*WHAT IS BEING ASKED*:
Your output must be the lines below from the line containing "BASSANI ANDREA (n." to the line containing "This classic, short", both lines included, reproduced exactly and without pictures.

*PROVIDED MATERIAL*:
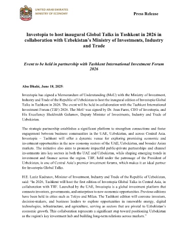 collaboration with TIIF. Launched by the UAE, Investopia is a global investment platform that
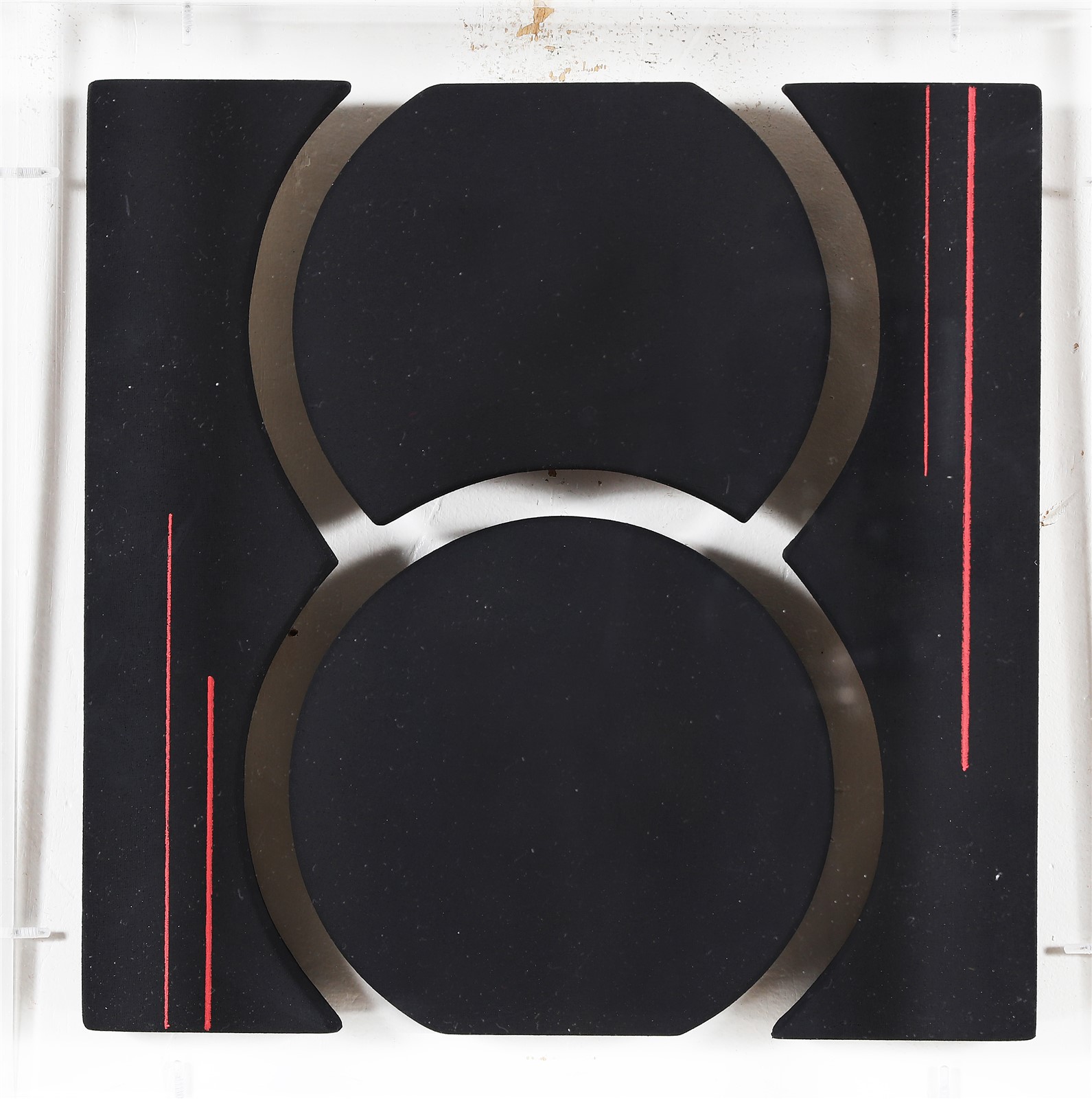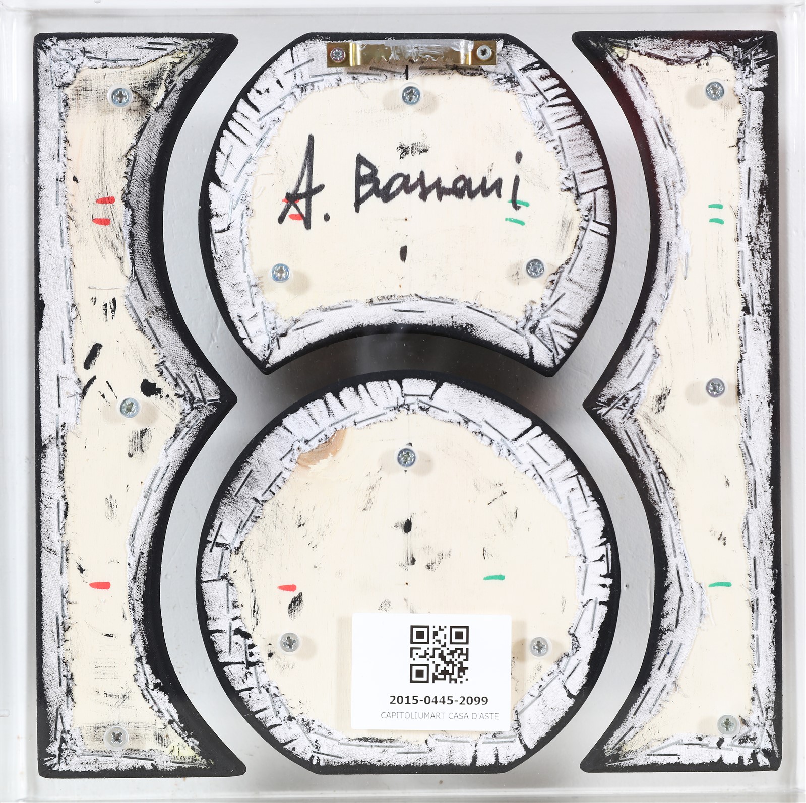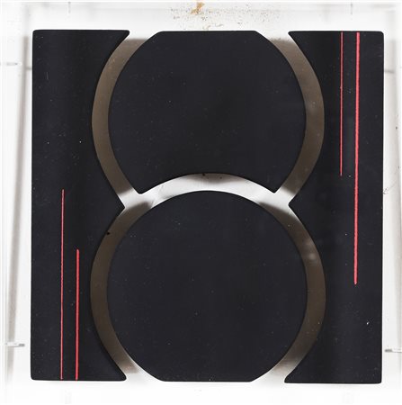 BASSANI ANDREA (n. 1954) Senza titolo. Acrilico su tela sagomata. Cm 30,00 x 30,00. Firma al retro. Opera contenuta in teca di plexiglass. Autentica dell'artista su fotografia. Cornice presente
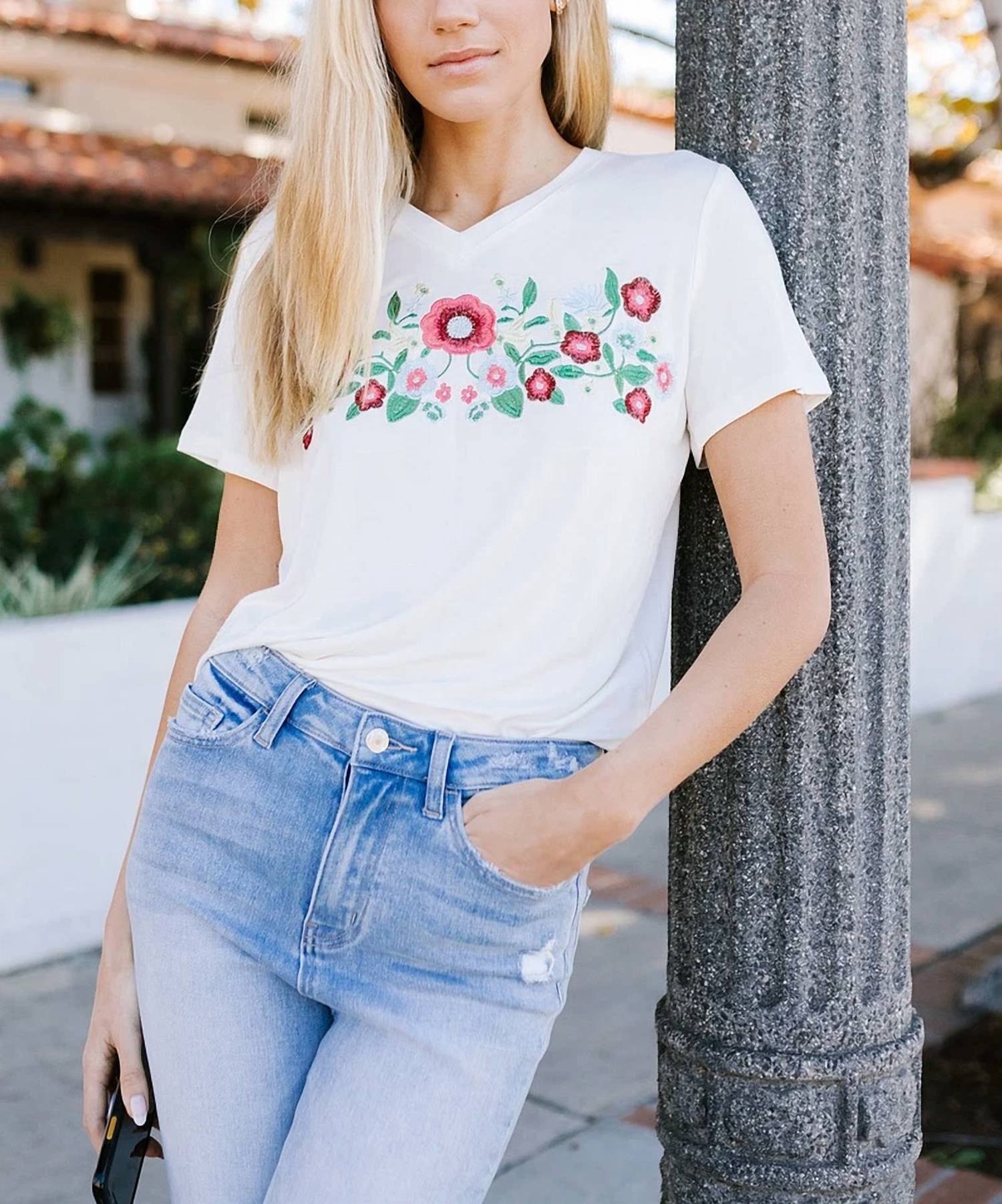 This classic, short sleeve tee will be your go-to staple this season and beyond. The Embroidered Floral Tee by Amaryllis is a chic addition to any summer wardrobe, crafted in a minimalist design for effortless elegance. This women's short-sleeve tee features a V-neckline and a pull-on closure, making it ideal for easy wear during vacations or Thanksgiving festivities. Its floral pattern in a classic white hue adds a touch of sophistication. For care, simply hand wash and line dry to maintain its pristine condition.
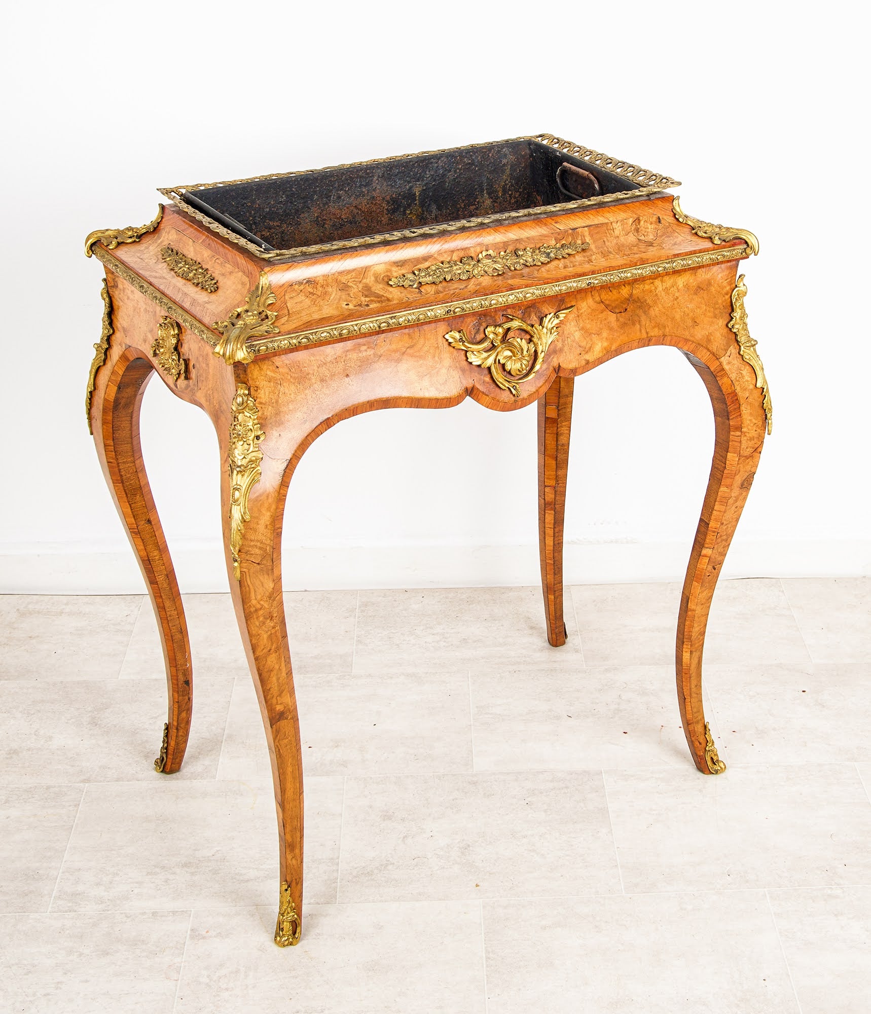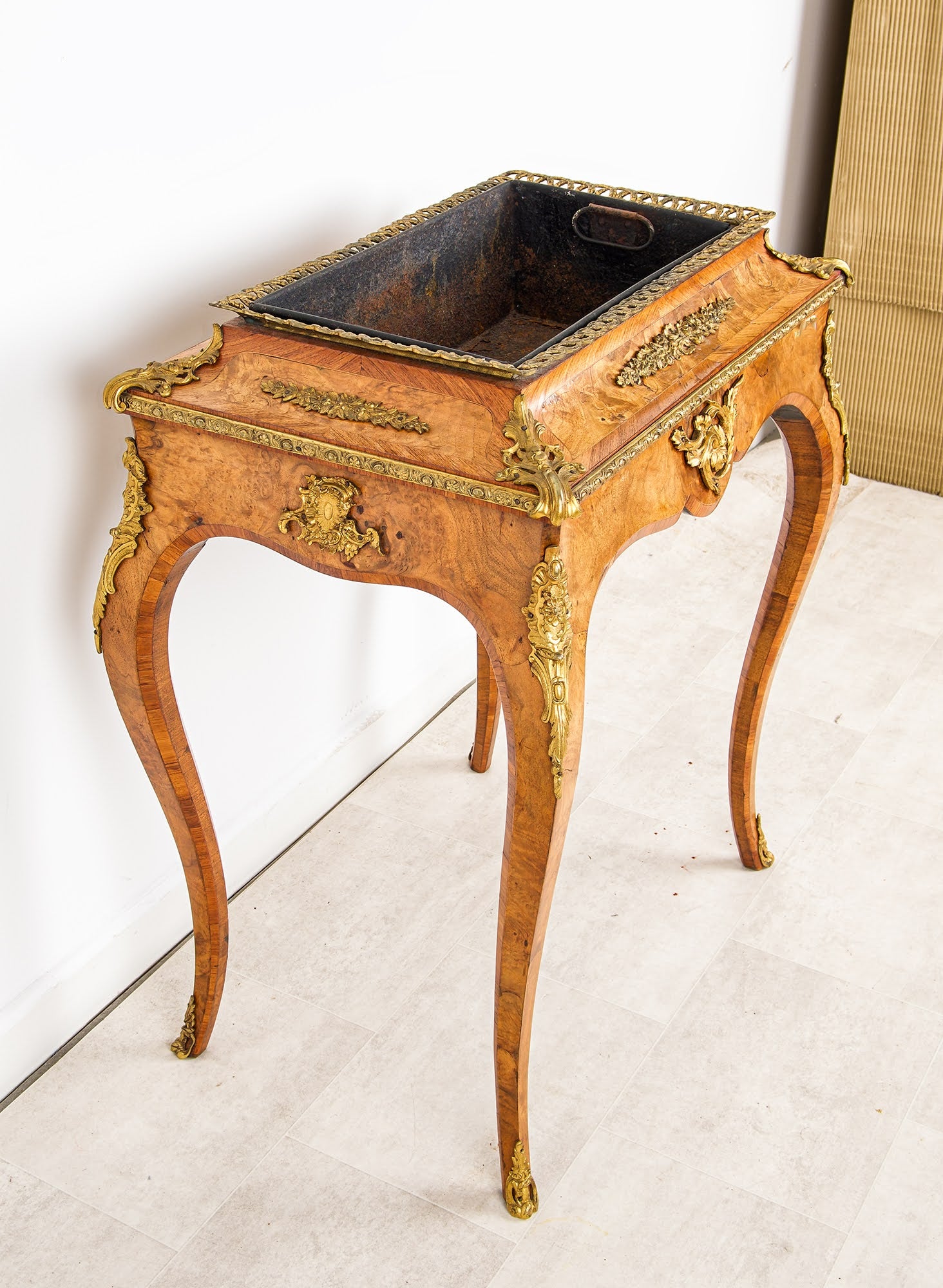 Beautifully veneered in richly figured burr walnut, this antique planter stands on graceful cabriole legs and is adorned with high-quality gilt bronze ormolu mounts, including scrolling foliate decoration and detailed corner mounts. The shaped frieze and refined proportions reflect classic French craftsmanship.

*RESULT FOR THIS EXERCISE*:
 BASSANI ANDREA (n. 1954) Senza titolo. Acrilico su tela sagomata. Cm 30,00 x 30,00. Firma al retro. Opera contenuta in teca di plexiglass. Autentica dell'artista su fotografia. Cornice presente
 This classic, short sleeve tee will be your go-to staple this season and beyond. The Embroidered Floral Tee by Amaryllis is a chic addition to any summer wardrobe, crafted in a minimalist design for effortless elegance. This women's short-sleeve tee features a V-neckline and a pull-on closure, making it ideal for easy wear during vacations or Thanksgiving festivities. Its floral pattern in a classic white hue adds a touch of sophistication. For care, simply hand wash and line dry to maintain its pristine condition.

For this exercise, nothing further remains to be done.